1993 background on the band

Background on the Band - 1993


We met, the four of us, on a school trip to a pig-calling contest in Flesherton, Ontario. Although none of us won, we split the "Most Promising Pig-Caller" award and met for the first time on the podium. Incidentally, the two pigs used in the contest were "Moxy" and "Fruvous."

Back at high school we became friends and, after discovering common musical and theatrical interest, began collaborating. Two of us wrote three full-length musicals for a nearby school of the arts, two formed a pop-funk combo called Tall New Buildings, and all of us acted in high school and community theatre (one of us even became a regular on a couple of ill-fated Canadian Broadcasting Company series). During all of this, we managed to maintain a thrilling, three team Caleco table-hockey league.

In 1990, while in university, we decided to come together as a foursome and busk (busk: to entertain, especially by singing, reciting or break dancing on the street, in pubs, or in subway passages) for money on the streets of Toronto-a strictly recreational project.
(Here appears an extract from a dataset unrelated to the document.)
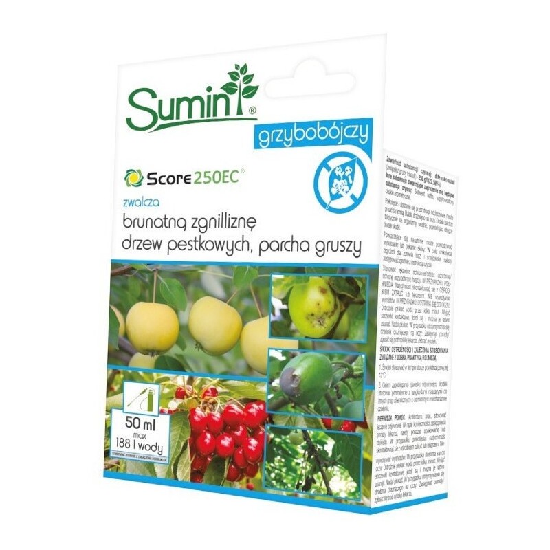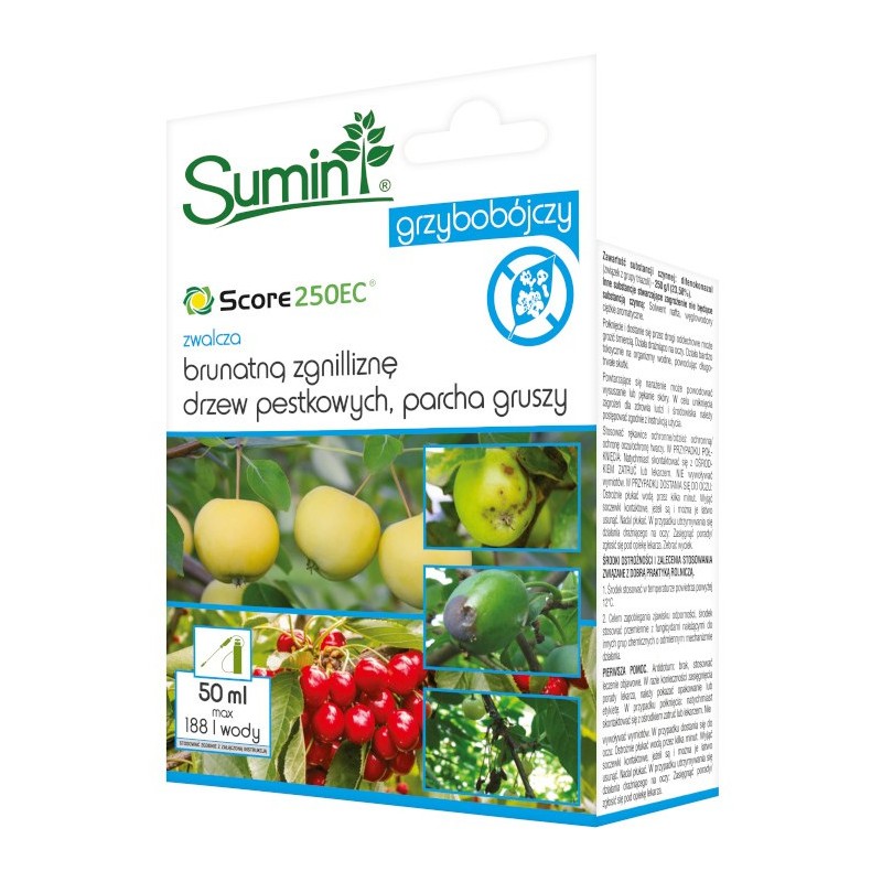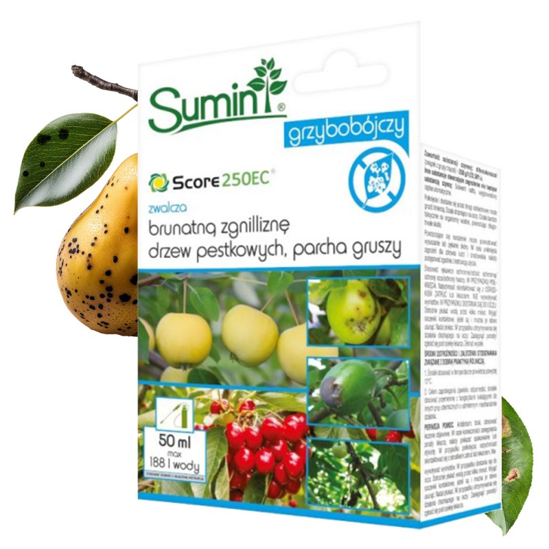 Score 250 EC to profesjonalny środek grzybobójczy o działaniu systemowym, przeznaczony do ochrony drzew owocowych przed chorobami grzybowymi. Zawiera substancję czynną difenokonazol z grupy triazoli, skutecznie zwalczając takie choroby jak parch jabłoni, parch gruszy oraz brunatna zgnilizna drzew pestkowych.

Moxy Früvous was the obvious choice for a name, and we decided to busk a cappella so we wouldn't have to carry instruments.

We quickly learned that a strong reaction from the crowd meant more loonies in our hat, and so, driven by hunger, we drew upon our musical and theatrical backgrounds, as well as a shameless instinct for pandering, to develop a set of music that included rap, folk, soca, impromptu theatrics, comedy, political satire, bad choreography, the occasional dirge and a lot of shouting. Through all of this ran the common threads of strong four-part vocal arrangements, sparse acoustic instrumentation and irreverent and incisive lyrics. In short, we were a four-man tornado that descended onto Bloor Street every Friday, then vanished with pocketfuls of loot to plot the next week's mischief.

It didn't take long to catch the attention of someone important-attention-grabbing, was, after all, our business. In the fall of 1990 a CBC radio executive spotted us on the street and hauled us in to perform on the local drive-home show, "Later The Same Day." During this performance the CBC brass noticed our penchant for political satire and commissioned us to write what eventually added up to twenty-five satirical songs-on topics ranging from gambling in Ontario to the LA riot-for such shows as "Sunday Morning," "Morningside," and CBC-TV's "The Journal." Many of these songs made their way into our live set and, subsequently, our album.

In the summer of 1991, we decided to become a real band and move indoors. Soon we were playing to our own large and obedient crowds around Toronto.

Early in 1992, we recorded and released an eponymous and independent six-song cassette, which caused a commotion in the Canadian music industry to a degree unheard of since the Martian Conflux of 4,000,000 BC. It quickly rose to the #1 position on the Canadian independent charts and stayed there for a year. By the summer of 1992, it had entered the national charts, and we were opening for the likes of Bryan Adams and Bob Dylan.

In the fall of 1992, the band won a CASBY award for Best New Central Canadian Group and embarked on a cross-Canada tour. By the time the dust had settled, the cassette had gone gold in Canada (with half of those copies being sold "from the stage"), and we signed a deal with Warner Music Canada, which include release commitments in the United States and the United Kingdom. Just thinking about that year makes us tired.

1n 1993, we finished recording our debut album at Dreamland Studio in Woodstock, New York. The album is called Bargainville, and it's being released by Atlantic in the States. We produced it ourselves because we have a lot of gumption, and because we felt that the artistic entity that is Moxy Früvous is best understood only by the four of us.

To date, such tunes as "My Baby Loves A Bunch of Authors," "King of Spain," and "Stuck in the 90s" have pushed Bargainville beyond the platinum mark in our native country. For the first time in our career, we don't have to worry about peddling albums between songs. It's the small victories that make life worth living.

So prepare yourself for the poignant, political, funny and adventurous songs of Moxy Früvous; coming of age somewhere between the baby boomers and the computer revolution, we've attempted to sum it all up with the 16 songs on Bargainville." As Hal the computer said in 2010, get ready for "something wonderful."